Shangri-La

God Save The Kinks.  I was driving to the train station this morning and listening to Arthur (Or The Decline and Fall of the British Empire) when I had a vision of myself in Shangri-La.  I was shifting uncomfortably in my seat, nudging with one finger the sore spot a few inches below my sternum, wondering if it was a hiatal hernia, and dreading my arrival at the office where work has been, according to the lingo, a series of ‘fire-drills’ these past two weeks or more.
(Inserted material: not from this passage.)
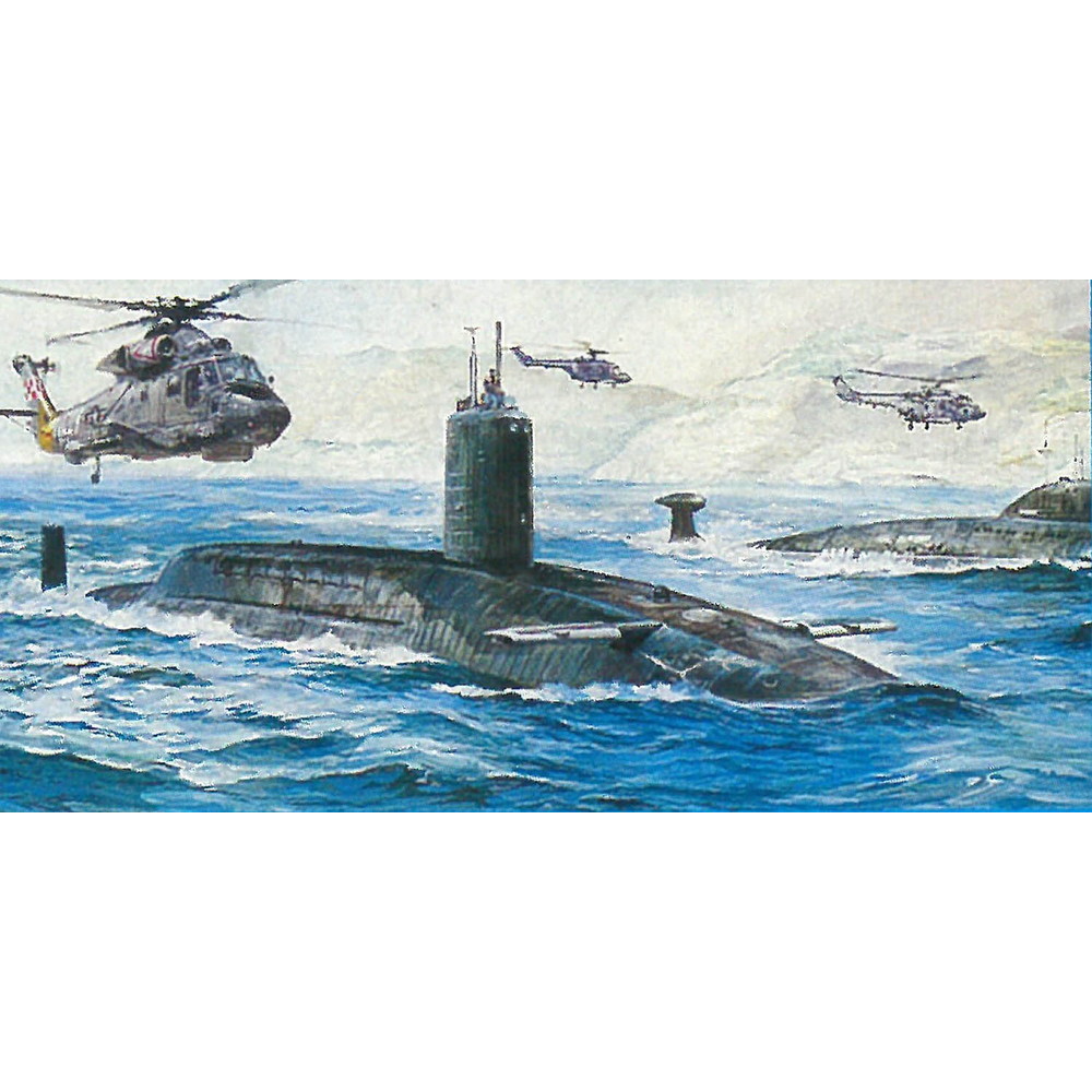 モデルはイギリスが建造、運用した原子力潜水艦H.M.S.リヴェンジとソビエトの原子力潜水艦ヴィクター型の2隻を1/700スケールで再現したプラスチックモデル組み立てキットのセットです。

Then Ray Davies sang:

The little man who gets the train
Got a mortgage hanging over his head
But he’s too scared to complain
Cos he’s conditioned that way…
Shangri-La…

My wife’s parents live on the east side of San Jose, up against the Diablo Range foothills that are so brilliantly green this time of year.  In line at a supermarket nearby I overheard a conversation between a clerk and a customer he seemed to know.  “So, how’s it going?” the clerk asked.  “You know how it is,” said the other, a big man, spreading out his arms, “…just another day in Shangri-La.”  “More like Shanghai,” the clerk said, with a guilty chuckle.  The three of us were possibly the only non-Asians in the store – but I suppose we each build a Shangri-La in our own image.
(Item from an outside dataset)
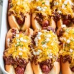 - Step 2: In a 9×13-inch or similarly sized casserole dish, arrange the hot dog buns cut side up. Place one hot dog inside each bun and spoon about 1/4 cup of chili over each hot dog. Sprinkle the shredded cheddar cheese evenly over the entire casserole.
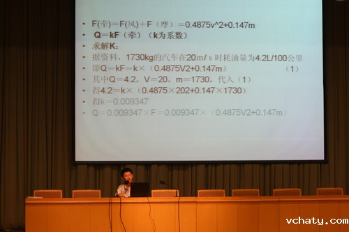 原高一10班的王宁介绍他们对汽车油耗的研究

Flaubert wrote by way of advice that “[you should] be regular and ordinary in your life, like a bourgeois, so that you may be violent and original in your work.”  Keep your head down.  Conserve your creative energy.  Pray to Wallace Stevens.  Play Prince Hal among the middle class drudges and office zombies till your sun of glory vaults over the horizon.  But what happens when you really are a bourgeois?  What happens when you’re too tired and well-fed to be violent and original?  Anyone want to take a mortgage off my hands?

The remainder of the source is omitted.